DS201学習記録:CassandraのWrite PathとRead Path

DS201: Foundations of Apache Cassandra™ and DataStax Enterprise の学習記録です。

Cassandraは、その高い書き込み性能と読み込み性能を支えるために、独自のデータ格納・取得メカニズムを持っています。

Write Path (書き込みパス)

Cassandraにおけるデータの書き込み操作(Write Path)は、以下のステップで実行されます。

  1. Commit Log (コミットログ) への書き込み: Cassandraは、データの変更リクエストを受け取ると、まずその変更をコミットログに追記します。コミットログはディスク(HDDまたはSSD)上に配置され、データの永続性を保証するための重要な役割を果たします。これにより、Cassandraがクラッシュした場合でも、コミットログからデータを回復できます。
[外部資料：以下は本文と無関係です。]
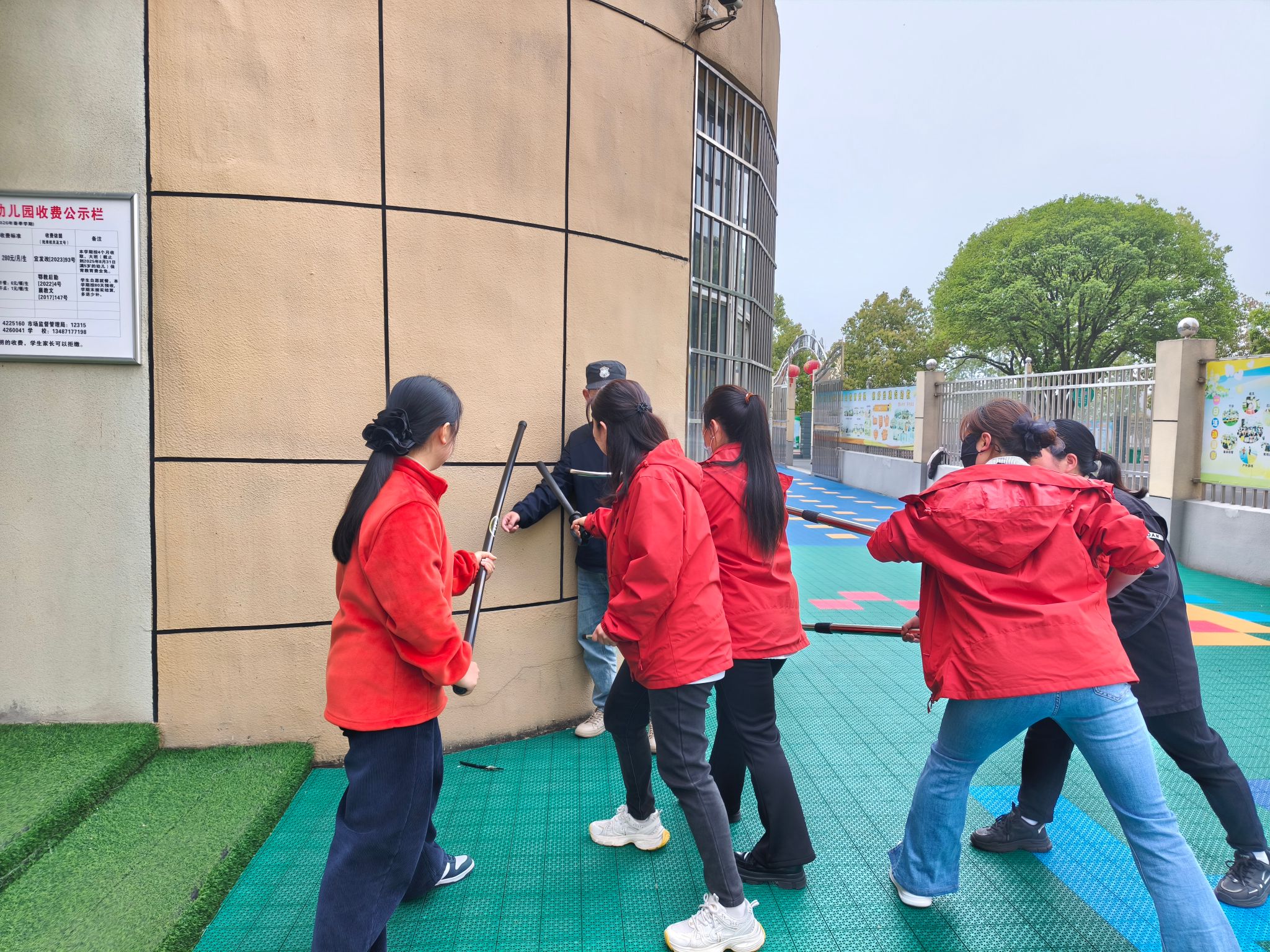 危急时刻,门卫率先冲上前阻拦,几名教师迅速取来防卫八件套,与门卫并肩作战,合力与“歹徒”展开对峙和周旋,死死挡住“歹徒”前进的路线,坚决不让其靠近幼儿。与此同时,负责应急联络的教师,第一时间跑到值班室,按下园内一键报警器,快速向公安部门上报险情,请求支援。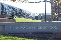Great Valley High School is a comprehensive, college preparatory, public high school located in eastern Chester County. It is located in East Whiteland Township,[2] near Malvern, Pennsylvania. Located on the same campus as Great Valley Middle School at 225 North Phoenixville Pike,[3] it is the only high school within the Great Valley School District.

  2. Memtable (メモリテーブル) への書き込み: コミットログへの書き込みと並行して、データはRAM(ランダムアクセスメモリ)内のMemtableにも書き込まれます。Memtableは、インメモリのデータ構造であり、データの追加や更新を高速に処理するために使用されます。最新のデータバージョンを保持し、高速な読み書きアクセスを提供します。

  3. SSTable (Sorted String Table) へのフラッシュ: Memtable内のデータが一定のサイズに達するか、一定時間が経過すると、CassandraはMemtableの内容をディスク上のSSTableに書き出します(フラッシュ)。SSTableは、ソートされたキーと値のペアで構成される不変(immutable)なファイル形式であり、効率的な読み取り操作を可能にします。SSTableはCassandraの永続的なデータストレージです。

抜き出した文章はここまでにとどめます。